President Joe Biden praised the agreement in a Sunday night statement that called on Congress to send it to his desk: “If you believe, as I do, that we must secure the border now, doing nothing is not an option,” Biden said.

The border-foreign aid deal faces even more difficult odds in the House. Speaker Mike Johnson said on NBC’s Meet The Press on Sunday that the House would take up a $17 billion Israel aid bill instead of the supplemental funding package. In a Saturday letter to House Republicans, Johnson had said the chamber would not swiftly consider the bipartisan deal.

Lankford and GOP allies hope that release of the text will dispel the notion that the bill would allow 5,000 undocumented immigrants to cross into the country daily. Under the parameters of the legislation and the current situation at the border, which sees crossings sometimes exceeding 10,000 per day, the border would be shut down to illegal crossings immediately.

The bill would preserve orderly asylum appointments at ports of entry as a way for immigrants to seek legal entry into the country, requiring that those ports process at least 1,400 migrants daily during periods when the border is shut down.

The legislation also includes the Fend Off Fentanyl Act and Afghan Adjustment Act as part of the larger deal. It would send about $62 billion to support Ukraine in its invasion against Russia, $14 billion in security aid for Israel, $10 billion in humanitarian assistance to the Gaza Strip and Ukraine, $20 billion for the border and nearly $5 billion to partners in the Indo-Pacific to fight Chinese aggression.

In addition to mandating a border shutdown at 5,000 daily encounters, the bill would allow the president to invoke that authority at 4,000 per day. Once the border is shut it would stay sealed to illegal crossings until encounters of unlawful crossings drop to about 2,000 per day. In addition, the use of presidential parole authority, which gives the president wider latitude to allow more undocumented immigrants into the country, would be curtailed. And the bill speeds up the asylum screening process significantly.

Lankford said he had hoped to release the bill earlier to get the process moving more quickly but the complexity of the language made that tricky: “The words matter.” The legislation is the most ambitious piece of immigration legislation to get serious congressional consideration in six years.

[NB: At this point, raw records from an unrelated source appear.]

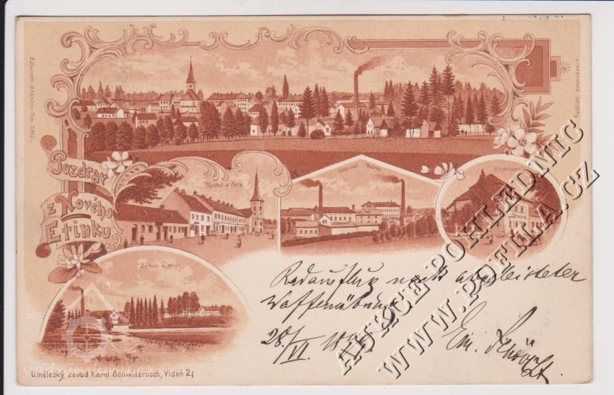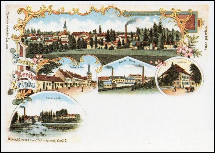 Historie komínu pod mostem přes řeku Kamenici sahá do roku 1860 kdy vznikla v tehdejším Novém Etinku první česká továrna na houně, haleny a koňské přikrývky. Jepičí život této fabriky ukončila nezaplacená státní zakázka pro Rakousko-Uherskou armádu. V roce 1866 po prohrané bitvě u Hradce Králového se monarchie dostala do velký ekonomických problémů. Továrník pan Svobodný po získání velké zakázky si vzal úvěr, ale po odmítnutí státu vyrobené zboží převzít a hlavně ho zaplatit se tato malá fabrika po roce 1866 dostala do krachu. Čapí hnízdo v koruně komínu se tak může pyšnit 140-letou tradicí.
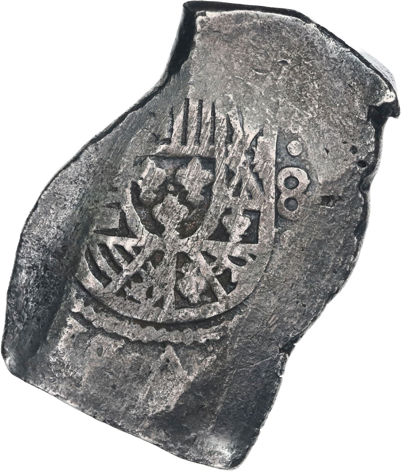 MEXICO, Mexico City, cob 8 reales, (1714) (J), new style shield, old style cross. S-M22; KM-47; Cal-1401. 25.27 grams. Very deeply toned and corrosion-free, with good full cross and nearly full shield with bold 8 to right, peripheries flat except for king's ordinal V in legend, non-round flan. With Cobb Coin Co (Fisher) certificate 1715-200008 from 1986. Recovered from: Spanish 1715 Fleet, sunk off the east coast of Florida
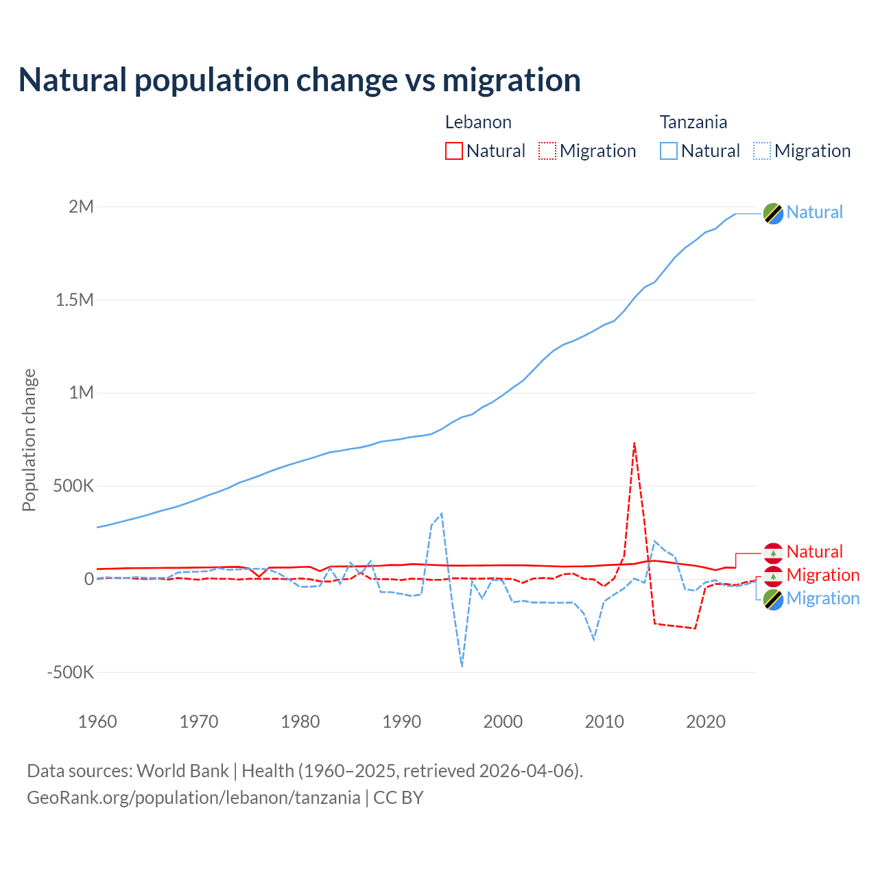 Over the last 10 years, 40.1% of the population change in Lebanon is from natural causes (a gain of 739,256 people) and 59.9% is from migration (a loss of 1,103,772 people). In Tanzania 98.7% is from natural causes (a gain of 17,769,541 people) and 1.27% is from migration (a gain of 229,466 people).
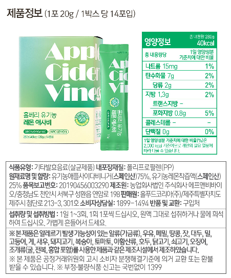 | 포장단위별 내용물의 용량(중량), 수량 | 14회분 x 2개 | 원재료명 및 함량 | 컨텐츠 참조 |
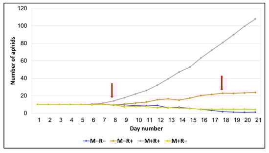 Aphid colony growth over three weeks as a function of inoculant treatment (control (M−R−); mycorrhizae and rhizobium (M+R+); mycorrhizae alone (M+R−); rhizobium alone (M−R+)). The arrows indicate the days at which the aphid populations were first divergent.
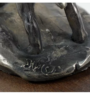 Material: Die Statuetten sind aus kaltgegossener Bronze hergestellt. Bei dieser Technik wird eine Mischung aus Bronze-Metallpulver und Epoxidharz verwendet, die in eine Silikonform gegossen wird. Der so hergestellte Guss behält das Aussehen und manchmal auch das Gewicht einer Bronzeskulptur bei und fühlt sich genauso kühl an. Kaltbronzeerzeugnisse haben den gleichen künstlerischen Wert wie Bronzeskulpturen, haben jedoch den Vorteil eines niedrigeren Preises und günstigerer Versandkosten, was vor allem beim Versand außerhalb Europas ein großer Vorteil ist.
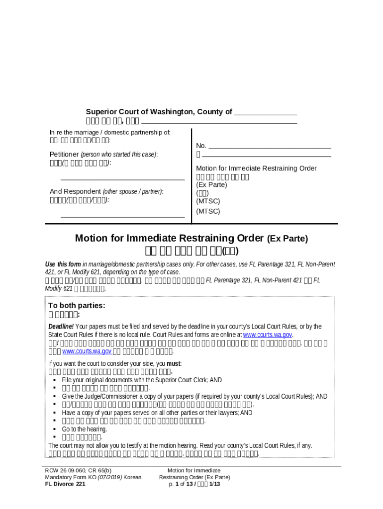The Washington restraining order form is a legal document designed to protect individuals from harm, particularly in situations involving domestic violence. This form allows petitioners to seek immediate legal protection from an abuser or threat, ensuring their safety. It is essential for those facing serious situations, such as threats or acts of violence, enabling them to secure a protective order without delay.
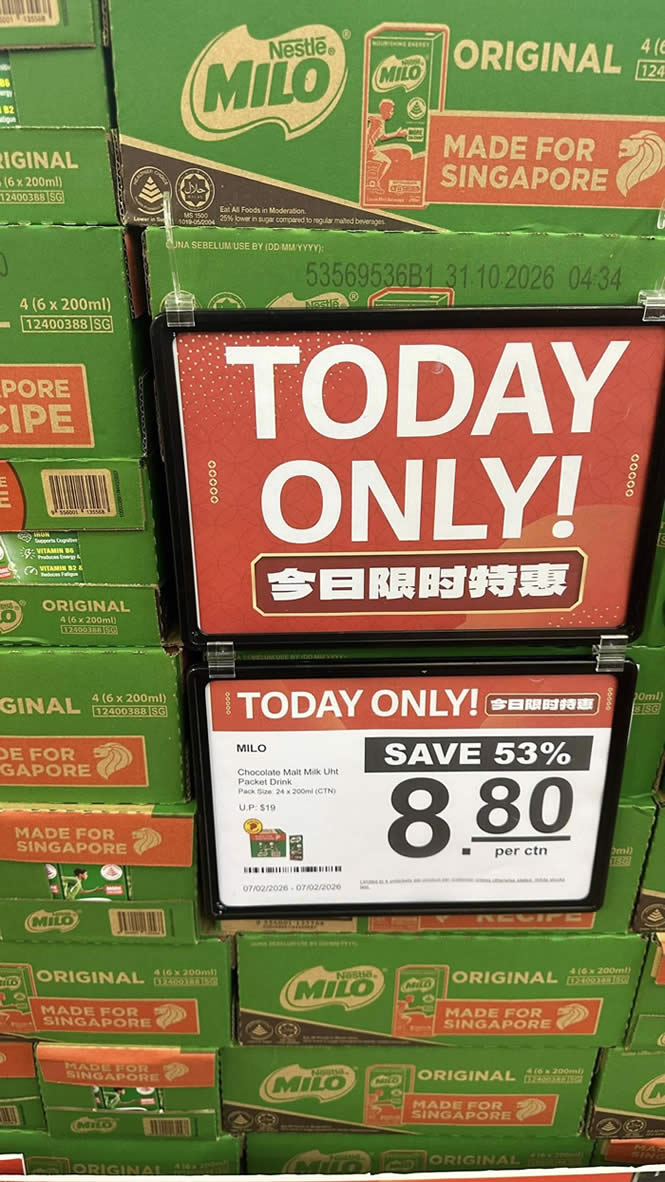 - MILO Activ-Go UHT Multipack (4 x 6s x 200ml) – Usual Price: $19.00 | Save $10.20 (53%) | Offer:
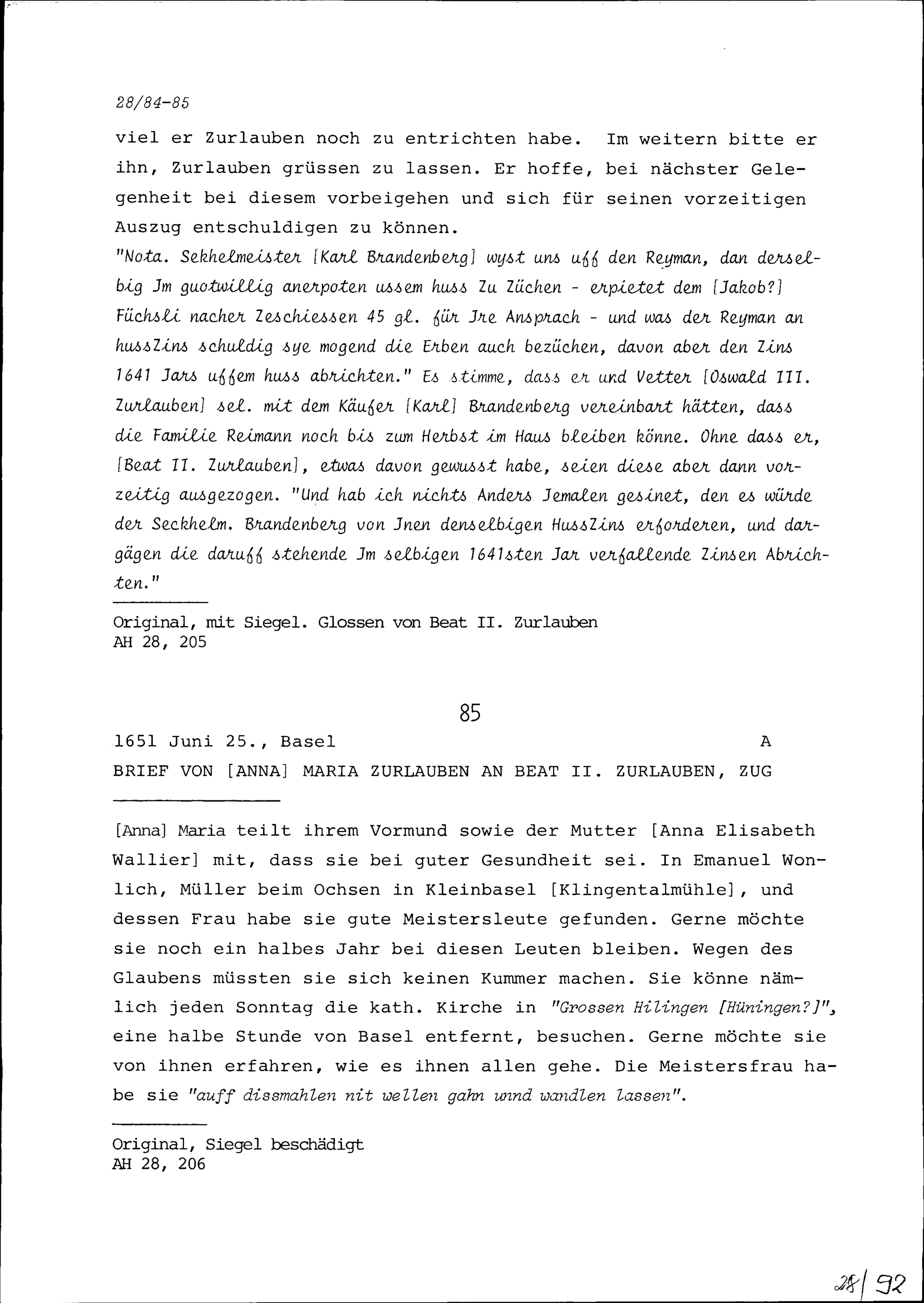 Schreiben von Hans Jörg Reimann an Adam Signer, Landschreiber, Zug
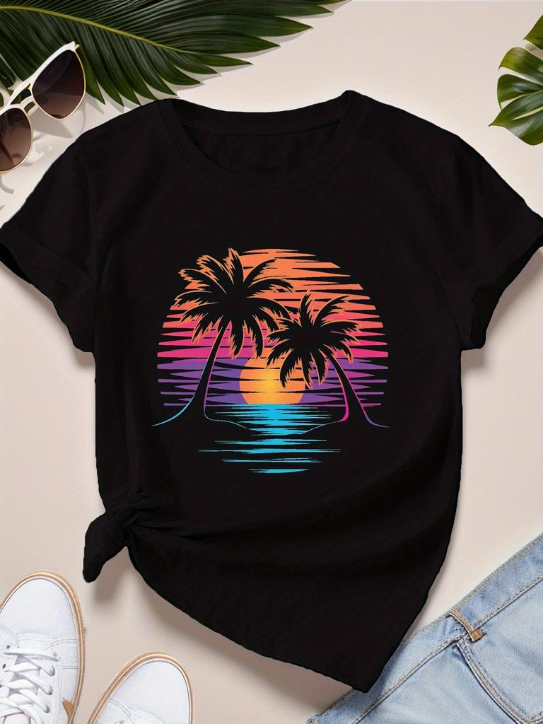 Palm Sunset Womens Sports Short Sleeve TShirt Harajuku Short Sleeve Casual Clothing Street Tops Tees Aesthetic Clothes
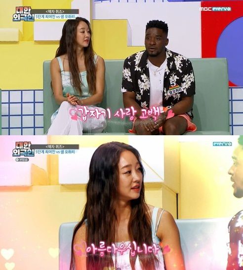 샘 오취리는 최근 방송된 MBC에브리원 '대한외국인'에서도 최여진을 향해 "너무 예쁘다. 올해 본 사람 중 최여진 씨가 가장 아름답다"며 뜬금없는 고백을 하기도 했다.
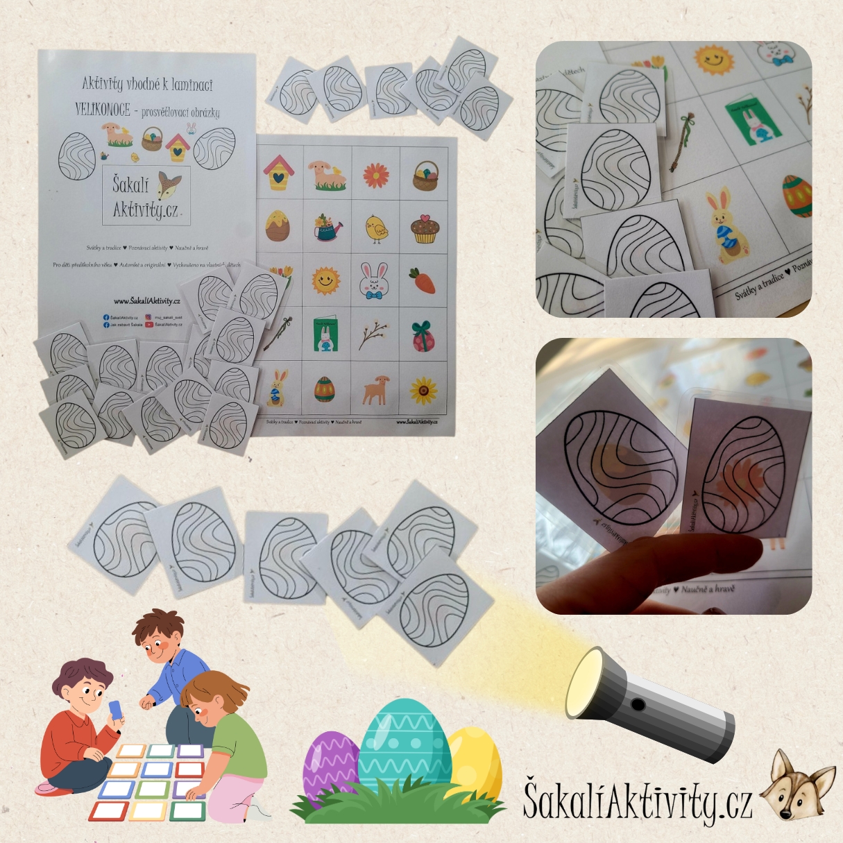 Na první pohled obyčejná karta s obrázkem vejce, na které se po prosvícení u okna, nebo lampičky objeví obrázky. Součástí souboru je také předlohová tabulka se všemi obrázky!
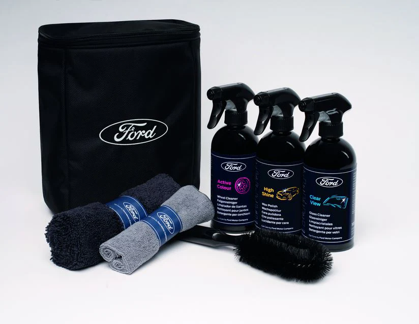 Con il “High shine” lucidante per cera, il “Clear view” detergente per vetri e il “Active colour” detergente attivo per ruote, questo kit completo di pulizia per gli esterni del veicolo è dedicato a ogni superficie esterna, lasciando i veicoli scintillanti con una finitura degna di un’esposizione in salone. Confezionato in una sofisticata borsa nera con marchio Ford e corredata di un panno in microfibra grigio, un panno in microfibra nero e una spazzola speciale per la pulizia delle ruote, questa soluzione è per una cura dell’auto di qualità.
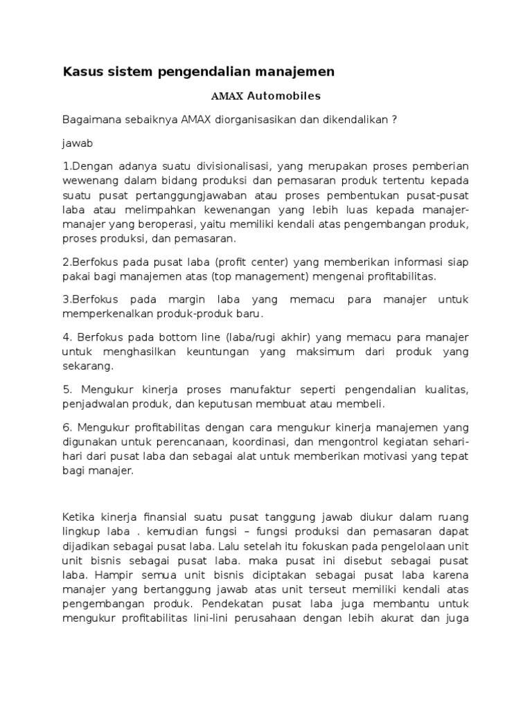 Contoh kasus sistem pengendalian manajemen pada perusahaan. Contoh kasus sistem pengendalian manajemen xerox corporation latar belakang xerox adalah perusahaan yang melayani pemrosesan dokumen secara global dan pasar jasa keuangan. Kearns menyerahkan kepemimpinan xerox ke paul allaire pada tahun 1991 setelah berhasil memutar haluan perusahaan pada tahun 1980. Pengertian sistem pengendalian manajemen. Setiap perusahaan yang bergerak dibidang jasa pelayanan antar seperti halnya go jek ok jek dan sebagainya perlu melakukan sistem pengendalian manajemen dan sistem pengendalian internal sejak dini agar kecenderungan kecurangan dapat dicegah dan diminimalisir. Yang telah mengembangkan. Academiaedu is a platform for academics to share research papers.
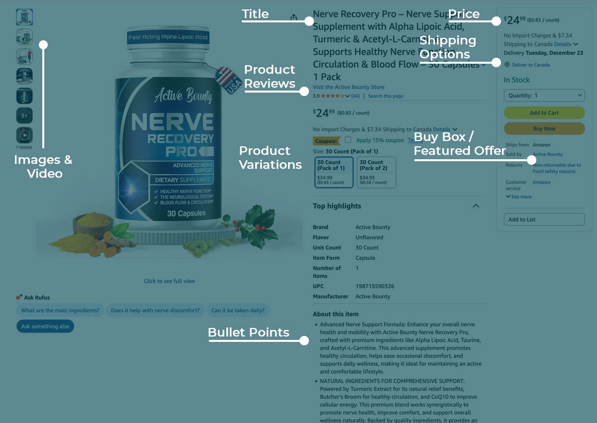 An Amazon product listing is the product page where customers view your title, images, bullet points, description, price, and reviews. A strong listing includes SEO keywords, high-quality content, and accurate attributes to help shoppers find and purchase your product.

At the end of the new accelerated asylum process that the bill would create, migrants who are “unable to meet that threshold, they are removed from the country in an expedited manner,” Sinema said on Sunday.

“Individuals who are approached between ports of entry are currently paroled,” she added, meaning that the migrants are given a notice to appear and are released. But under the new bill, Sinema said, “those individuals will be taken into custody, where they will then, if they claim asylum, go through the initial protection determination interview.”

“If they do not claim asylum, they will be removed under expedited removal … So people who come through the desert, whether they are evading law enforcement or giving themselves up to law enforcement, if they’re not seeking asylum, they don’t have a claim to the country and will be removed,” she said.

House Minority Leader Hakeem Jeffries slammed Johnson in a statement Sunday, calling the speaker’s decision to instead put an Israel aid bill on the floor this week “a cynical attempt to undermine the Senate’s bipartisan effort, given that House Republicans have been ordered by the former president not to pass any border security legislation or assistance for Ukraine.”

Former President Donald Trump and conservatives in both chambers have repeatedly attacked the legislation as insufficient, instead calling on Biden to use his existing executive authorities to shut down the border.

Republicans, including Johnson, had demanded a package last fall that linked border policy changes to billions in foreign aid. But the speaker denies his new position is due to Trump, saying on Meet the Press: “He’s not calling the shots. I’m the one calling the shots.”